WHAT YOU SHOULD DO: Where the listing shows an image, skip it and output all other material unchanged.

DATA SECTION:
+===+
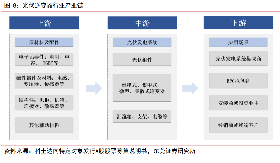 采用 IGBT 器件+SiC 器件设计方案的逆变器, 大量使用 SiC(碳化硅) 器件, 将 SiC高频化技术应用到产品中, 可以进一步减小产品体积、 重量, 优化性能指标。 碳化硅器件具有损耗小且不易受到电流、 温度影响的特点, 能够有效提升产品效率等性能指标。光伏逆变器产业链中游主要包括光伏组件厂家、 逆变器厂家和光伏配件厂家等。 下游主要是光伏发电系统集成商、 EPC 承包商、 安装商和投资业主等。
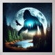 Poster com Pé Grande com dupla exposição de árvores, rio, águia e lua de cheio.
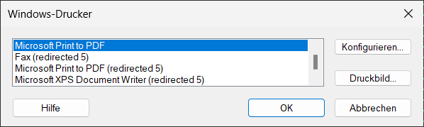 - Markieren Sie in der angezeigten Liste der Windows-Drucker den gewünschten Drucker, der dann zum Standard-Drucker definiert wird.
+===+
OUTPUT OF THE EXERCISE:
 采用 IGBT 器件+SiC 器件设计方案的逆变器, 大量使用 SiC(碳化硅) 器件, 将 SiC高频化技术应用到产品中, 可以进一步减小产品体积、 重量, 优化性能指标。 碳化硅器件具有损耗小且不易受到电流、 温度影响的特点, 能够有效提升产品效率等性能指标。光伏逆变器产业链中游主要包括光伏组件厂家、 逆变器厂家和光伏配件厂家等。 下游主要是光伏发电系统集成商、 EPC 承包商、 安装商和投资业主等。
 Poster com Pé Grande com dupla exposição de árvores, rio, águia e lua de cheio.
 - Markieren Sie in der angezeigten Liste der Windows-Drucker den gewünschten Drucker, der dann zum Standard-Drucker definiert wird.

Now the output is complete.